Employer Branding

World's top companies pledge net zero, only deliver 40% : Report

A recent corporate climate responsibility report says the world’s largest companies have largely failed their climate pledge test due to lack of clear net-zero targets and limited commitments to reduce emissions.

“The top 25 climate pledges of the world’s largest companies actually only commit to reducing their emissions by 40% on average, not 100% as their “net zero” and “carbon neutral” claims suggest,” says the Corporate Climate Responsibility Monitor 2022, conducted by the NewClimate Institute in collaboration with Carbon Market Watch.

It evaluates 25 major companies, operating across sectors and geographies, for the transparency and integrity of their core climate commitments.

As per the report, only one company’s net-zero commitment was assessed as having “reasonable integrity”; three with “moderate”, 10 with “low” and the remaining 12 were rated as having “very low” integrity.

The main commitments of only three of the 25 companies (Maersk, Vodafone and Deutsche Telekom) clearly commit to a deep decarbonisation of more than 90% of the emissions of their entire value chain. At least five of the companies would only reduce their emissions by less than 15%, often excluding emissions upstream or downstream of their value chain.

The 13 companies that have backed their net-zero emissions pledges with explicit emission reduction commitments commit, on average, to reduce emissions across their entire value chain from 2019 by just 40%. The other 12 have no specific emission reduction commitments for their net zero target year.

The report highlighted that major climate promises from companies require detailed evaluation and, in most cases, cannot be taken at face value.

For the minority of the 25 companies assessed, their headline commitments serve as a useful long-term vision and are supported by specific short-term emission reduction targets.
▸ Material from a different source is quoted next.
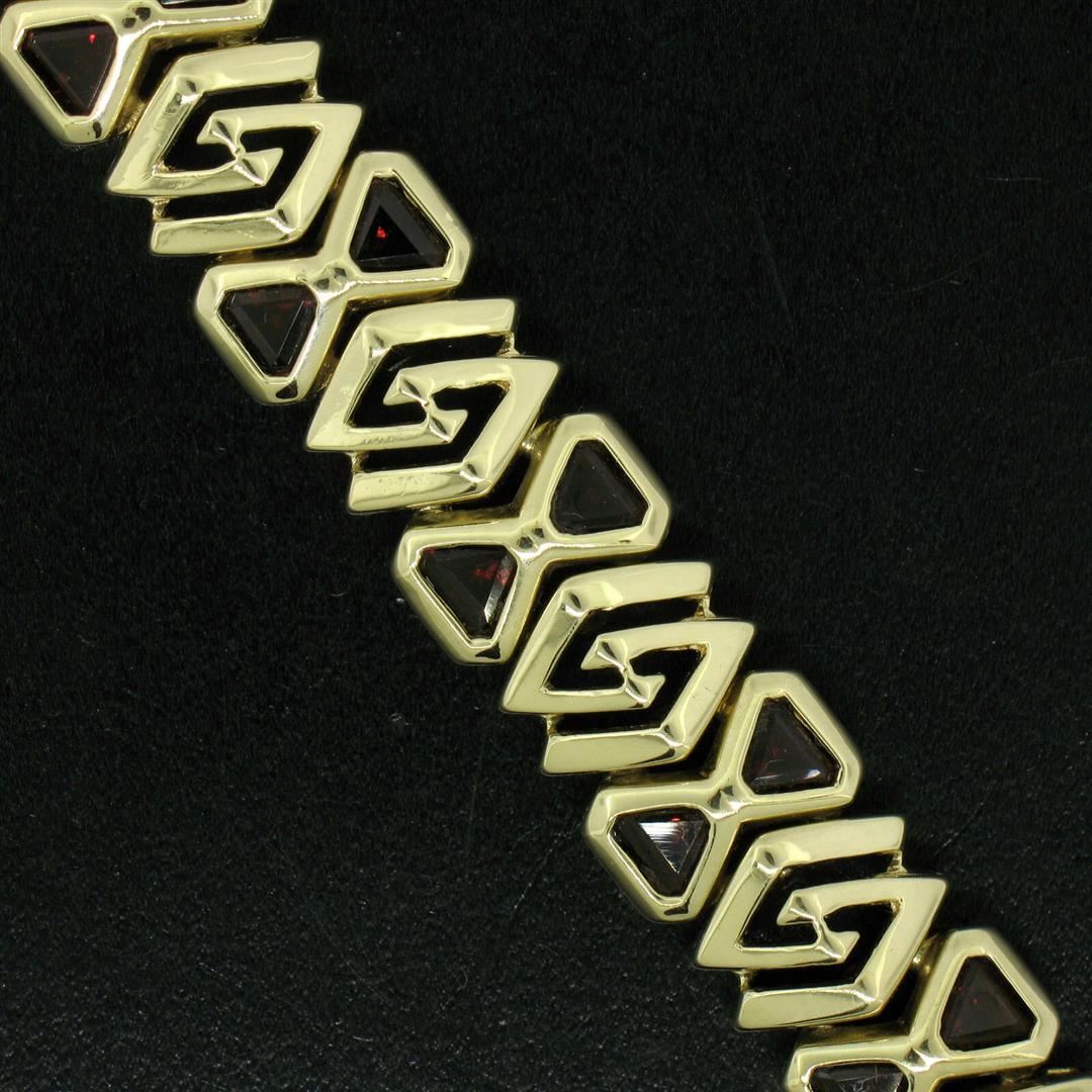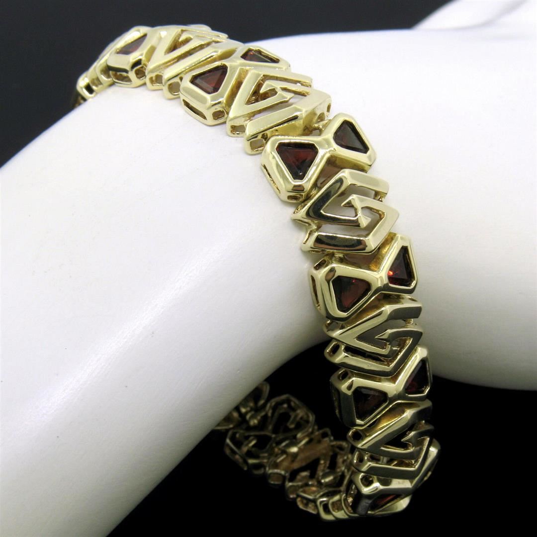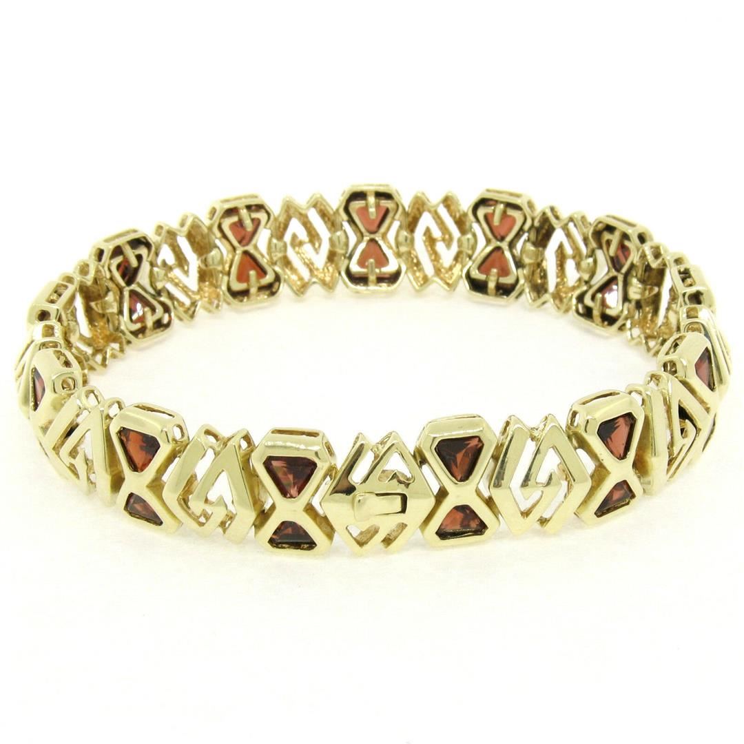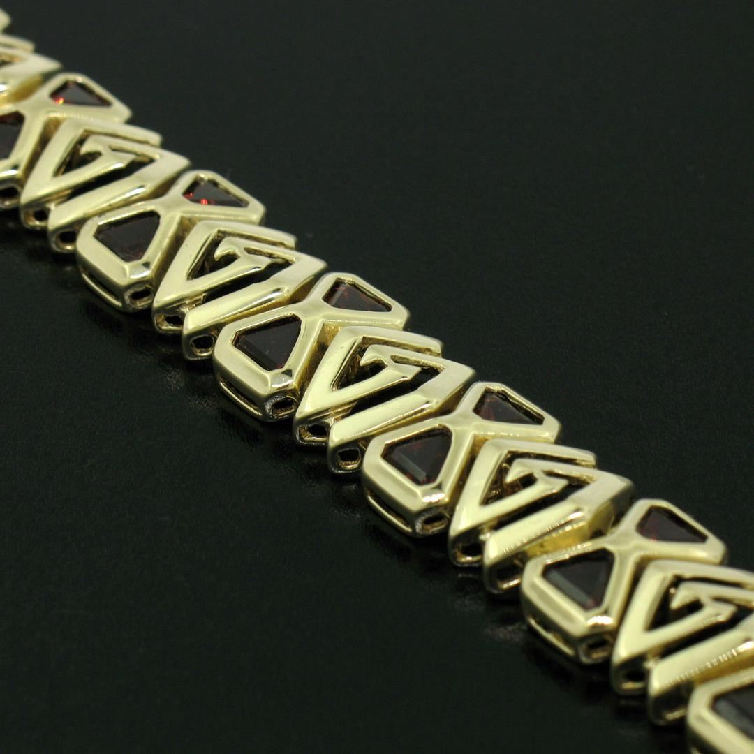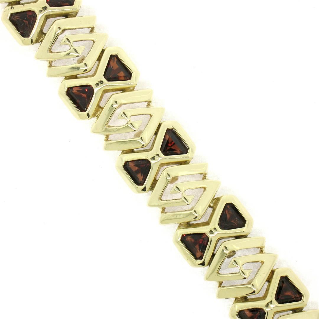 An excellent condition vintage 14kt yellow gold bracelet with 3.12ctw of trillion cut garnets. It weighs a total of 30.98 grams, measures 12.25mm wide, and measures 7 inches in length.

While none of the promises have a high degree of integrity overall, Maersk came out on top, with reasonable integrity, followed by Apple, Sony and Vodafone with moderate integrity.

However, most companies with net-zero emissions or carbon neutrality commitments fail to set ambitious targets.

Overall, the analysis finds that top promises from Amazon, Deutsche Telekom, Enel, GlaxoSmithKline, Google, Hitachi, IKEA, Vale, Volkswagen and Walmart have low integrity and those from Accenture, BMW Group, Carrefour, CVS Health, Deutsche Post DHL , E .ON SE, JBS, Nestlé, Novartis, Saint-Gobain and Unilever have very low integrity.

“Many company promises are undermined by controversial plans to cut emissions elsewhere, hidden critical information and accounting tricks,” the report said.

“We set out to uncover as many replicable good practices as possible, but were frankly surprised and disappointed by the overall integrity of the companies’ claims,” said Thomas Day of the NewClimate Institute, lead author of the study.

“As pressure mounts on companies to act on climate change, their ambitious-sounding headlines often lack real substance, potentially misleading both consumers and the regulators who are critical in guiding their action. strategic direction. Even companies that are doing relatively well are exaggerating their actions,” he added.

“Misleading business advertisements have a real impact on consumers and policymakers. They deceive us into believing that these companies are taking sufficient measures, when the reality is far from it.” said Gilles Dufrasne of Carbon Market Watch.

Dufrasne said that without more regulation, this will continue. “We need governments and regulators to step up and stop this greenwashing trend,” he added.

Promising examples of climate leadership were also identified. Google is developing innovative tools to purchase high-quality renewable energy in real time; this is being picked up by other companies. Maersk and Deutsche Post are making significant investments in decarbonisation technologies for transport and logistics. There is still ample potential for companies to replicate and extend these emerging best practices.